Iron Deficiency and Mental Retardation
Iron deficiency is one of the most common known nutritional deficiencies
worldwide, according to the Centers for Disease Control and Prevention (CDC). Its
prevalence is highest among young children and women of childbearing age (particularly
pregnant women).
In infants and children, iron deficiency causes developmental delays and behavioral
disturbances. These developmental delays may persist into the childs school age if
the iron deficiency is not fully reversed.

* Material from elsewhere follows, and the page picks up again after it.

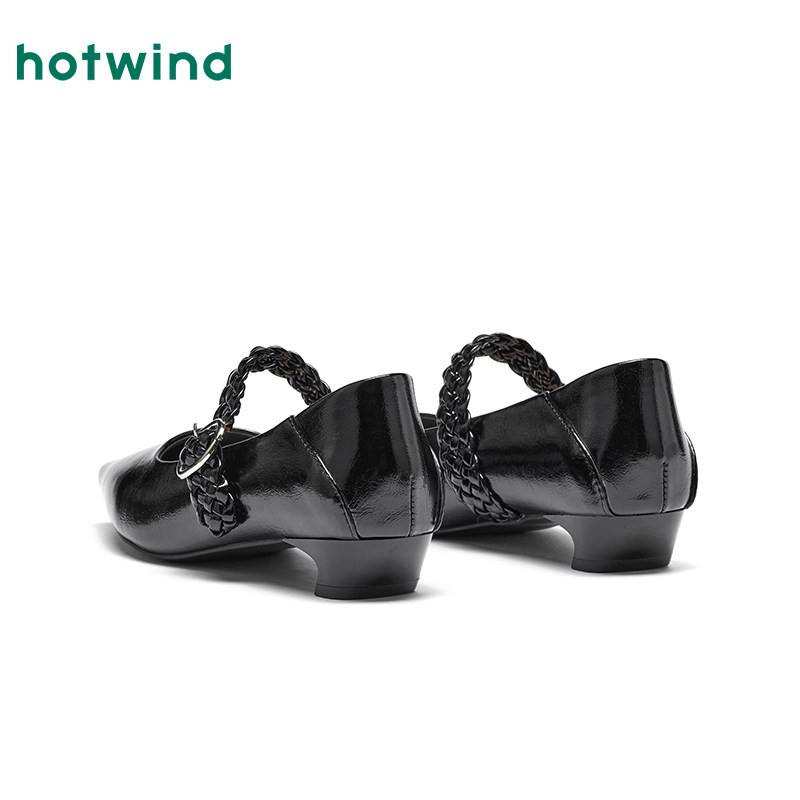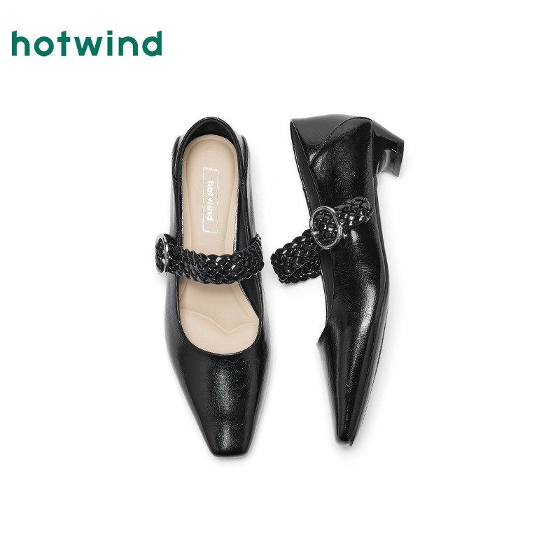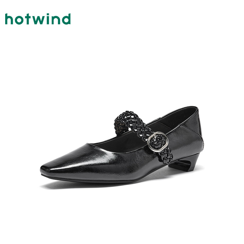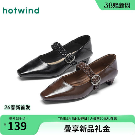 热风复古浅口单鞋女2026年春季新款法式低跟尖头女鞋百搭玛丽珍鞋
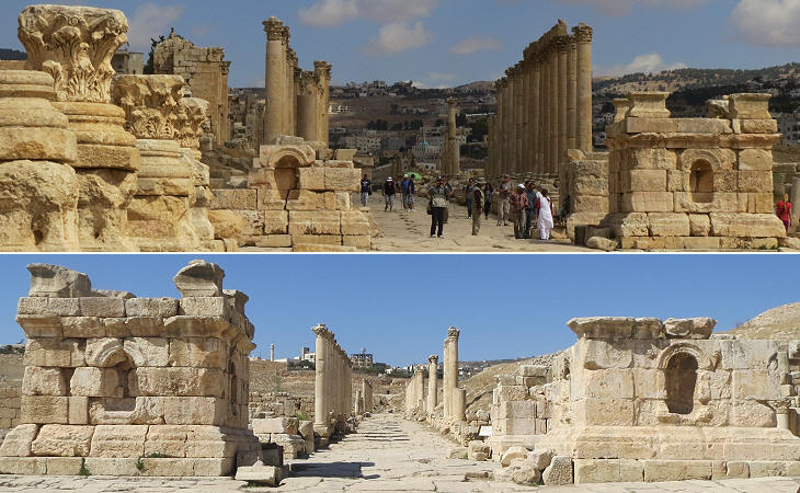 Many columns have been re-erected along Cardo Maximus and other streets of Jerash, so it is not always possible to identify the groups of columns mentioned by Burckhardt.

In pregnant women, iron deficiency anemia during the first two trimesters of pregnancy is
associated with a twofold increased risk for a preterm delivery, and a three-fold
increased risk for delivering a low-birth-weight baby. Both of these conditions
(prematurity and low birth weight) are closely associated with mental retardation of
newborns.
In the United States, iron deficiency affects 700,000 children aged 1 to 2 years, and 7.8
million adolescent girls and women of childbearing age, according to the CDC.
In the human body, iron is present in all cells and has several vital functions. It is
known to be a carrier of oxygen from the lungs to the tissues; it facilitates oxygen use
in the muscles; it is a transport medium for electrons within the cells; and it is an
integral part of enzyme reactions in various tissues. Too little iron can interfere with
these vital functions, and in severe cases can lead to death or permanent damage.
In the United States, the prevalence of iron deficiency anemia among children declined
during the 1970s. This is associated with increased iron intake during infancy. In
contrast, the rate of anemia among low-income women during pregnancy is high, and no
improvement has been noted since the 1970s.
(Recommendations to Prevent and Control Iron Deficiency in the United States:
Recommendations and Reports, CDC, April 3, 1998)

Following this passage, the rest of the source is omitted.